= Task prompt =
In the answer, each line from the top of the material through the line that contains "寻宝开始后我们一定要仔细阅读" is restated exactly. No picture is given again.

==============================

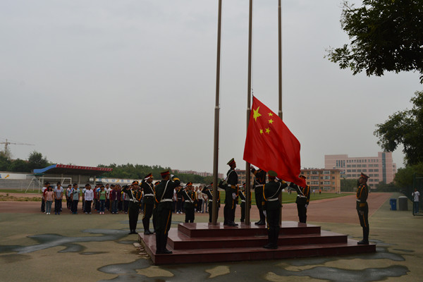 9月3日早上9:00,学院在田径场举行了庄严隆重的升旗仪式。全院各级团学组织代表共200余人参加了仪式。随着《义勇军进行曲》的响起,五星红旗冉冉升起,全体行注目礼,庄严肃穆,表达着对祖国的无限热爱和崇高敬意。
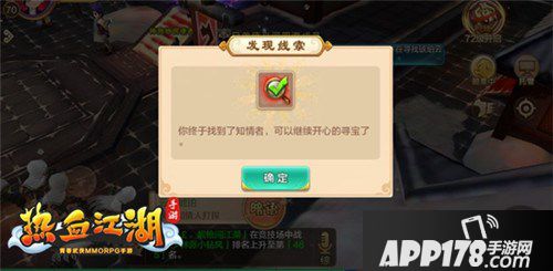 寻宝开始后我们一定要仔细阅读江湖探宝的线索。有很多小伙伴接取任务以后喜欢直接点任务跟着做,这里是要自己根据线索来寻找人物或者道具的。
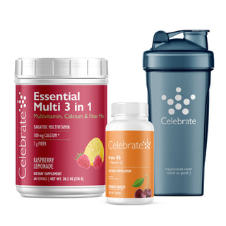 Congratulations on the beginning of your weight loss journey! This bariatric post-op starter kit will provide all of the vitamins/minerals and protein needed for a bit longerafter surgery; Our Celebrate Essential Multi 3 in 1 drink mix contains a robust multivitamin, calcium citrate, and soluble fiber along with 500 mg of an antioxidant blend with added electrolytes. Our blender bottle helps make mixing shakes simple and easy since our bottles have ounce markings on the side so you can track your fluids. And also 45 mg of calcium you can choose as chewable or softchew. All products in this set are also available separately under the respective nutrient section.
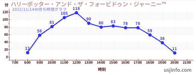 • ハリーポッター・アンド・ザ・フォービドゥン・ジャーニー™$B$N(B2022年11月14日の待ち時間
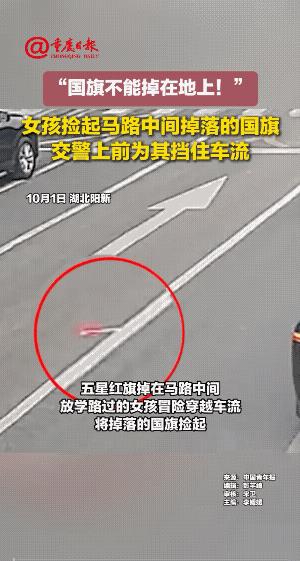 这就是祖国的未来,祖国的希望! 10月1日这天,湖北阳新一名小学生在放学回家的路上看到一面手持小小国旗掉在了马路中间,当即作了一个决定,一定要拾起这面国旗,不能让车辆碾压。 当小女孩冒险走到马路中间捡起小国旗的那一瞬间,也被不远处的交警看见了。 为了确保小女孩的安全,交警快步跑到小女孩身边,向司机们做了一个暂停的指令,然后将小女孩护送到马路对面。 小女孩面向警察叔叔非常认真地说道:“我看见一面国旗掉在了地上,我决定要把它捡起来,因为国旗不能掉在地上”。 警察叔叔说:“你做的对,我们不能让国旗掉在地上”。 虽然这只是一个小小的举动,却把小朋友的爱国情怀体现的淋漓尽致!这就是中国为什么越来越强大的原因。 今年是新中国成立76周年,全国各地到处都插满了五星红旗旗来祝福祖国繁荣昌盛。 同时也请大家爱护手中的小国旗,乱扔国旗不仅仅是对先烈的不敬,也是对祖国妈妈的不敬,我们也不希望小朋友因捡国旗而受到任何的伤害!
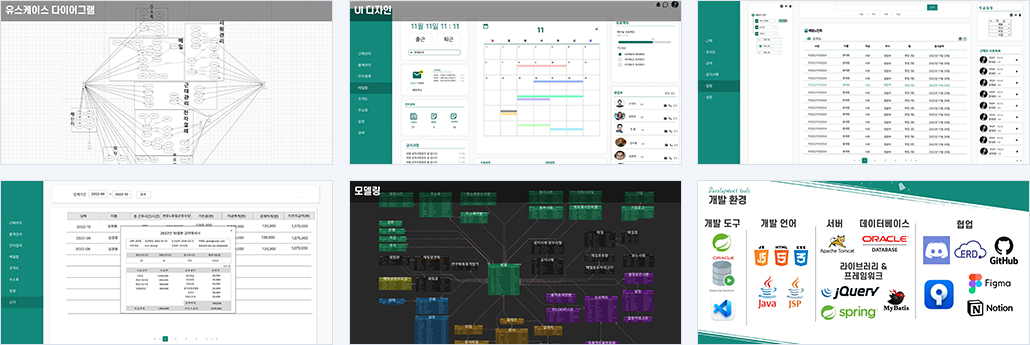 | 설계의 주안점 | 손쉬운 근태관리 간편하게 볼 수 있는 일정관리 업무에 도움이 되는 결재문서 작성 및 처리,메일작성,사내 메신저 사용 간편한 사원관리 |
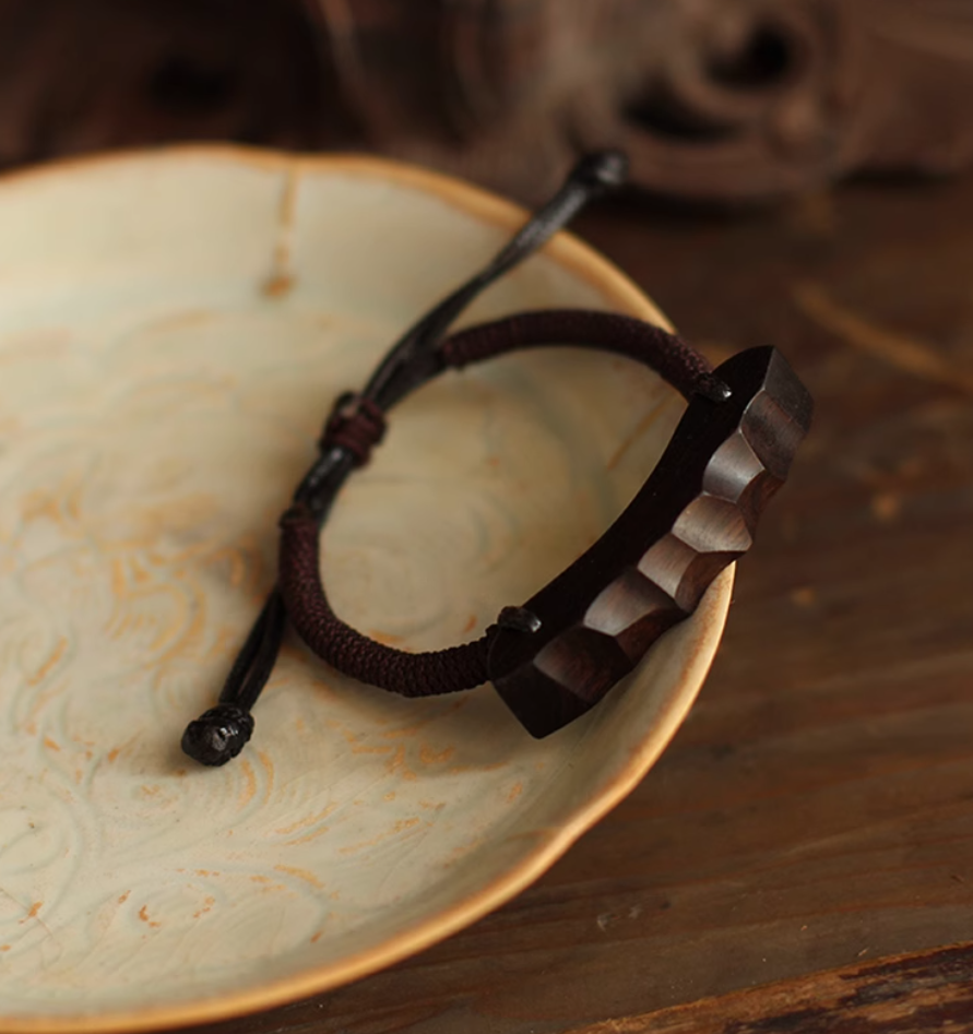 This bracelet is a labor of love and skill, handcrafted from thunderstruck ebony wood. Our master artisans, with years of experience and a deep respect for the material, have painstakingly transformed the raw thunderstruck ebony into a wearable work of art.
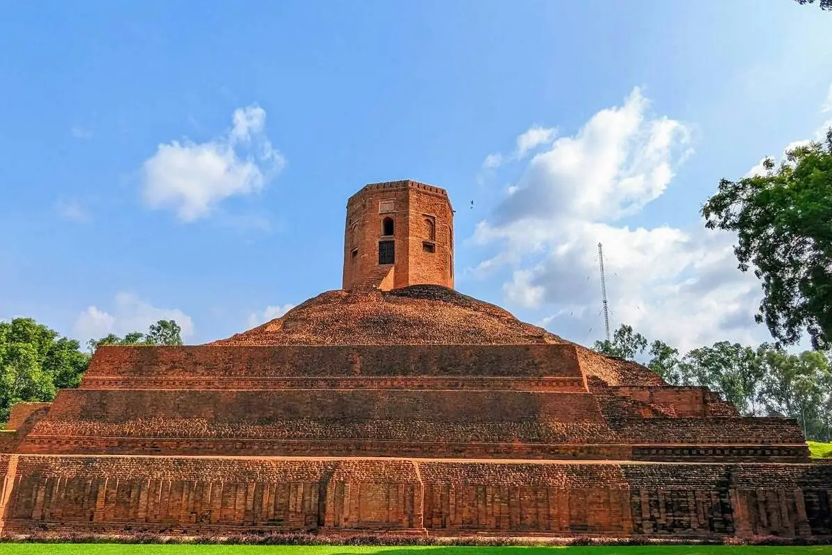 Later, explore Sarnath, where Buddha shared his first sermon. Visit the Dhamek Stupa, see ancient relics at the museum, and stand beside the Ashoka Pillar. End your day with the glowing lamps and chants of the Ganga Aarti at Dashashwamedh Ghat.
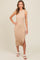 Beige Ribbed Side Slit Sleeveless Midi Dress
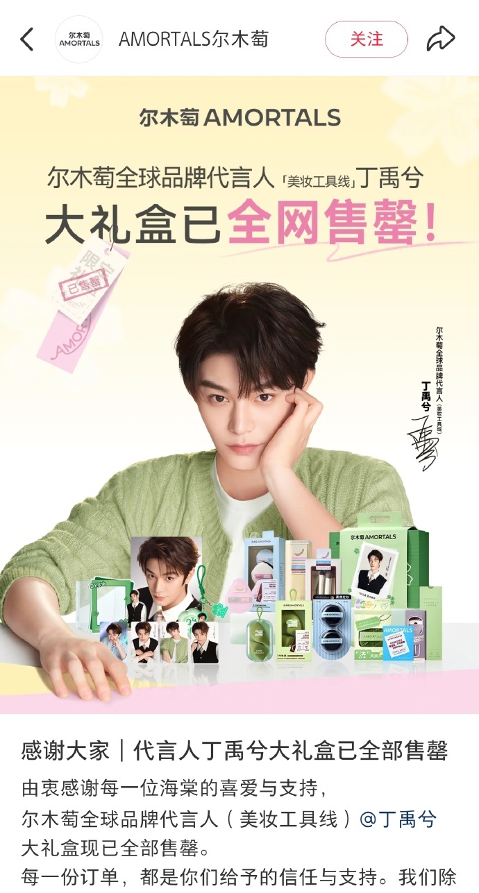 丁禹兮今天官宣尔木萄全球品牌代言人,开售即售罄🐮
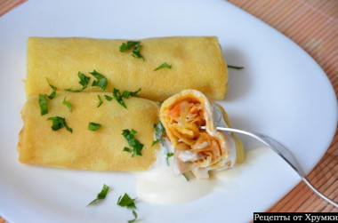 Блинчики с начинкой - любимое блюдо в нашей семье. Начинки делаю разные - такую, о которой пишете Вы, грибную (грибы с луком обжарить, немного начинки положить на серединку блинчика, сложить мешочком и завязать ниткой сыра-косички ), овощную (капуста+лук+морковь, все обжарить до золотистого цвета, блинчик с начинкой свернуть конвертиком). Еще делаю творожную начинку и целое разнообразие фруктовых - яблочную,банановую, клубничную. Приятного всем аппетита !
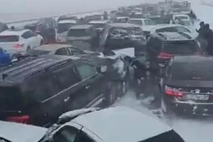У Казахстані майже 100 автомобілів зіткнулися через сильну хуртовину (відео)
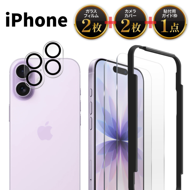 iPhone17 ガラスフィルム レンズカバー iPhone17Pro カメラフィルム 保護フィルム 各2枚 iPhone17 フィルム ガラスフィルム ガイド枠付き アイフォン アイホン

==============================

= Problem solution =
 9月3日早上9:00,学院在田径场举行了庄严隆重的升旗仪式。全院各级团学组织代表共200余人参加了仪式。随着《义勇军进行曲》的响起,五星红旗冉冉升起,全体行注目礼,庄严肃穆,表达着对祖国的无限热爱和崇高敬意。
 寻宝开始后我们一定要仔细阅读江湖探宝的线索。有很多小伙伴接取任务以后喜欢直接点任务跟着做,这里是要自己根据线索来寻找人物或者道具的。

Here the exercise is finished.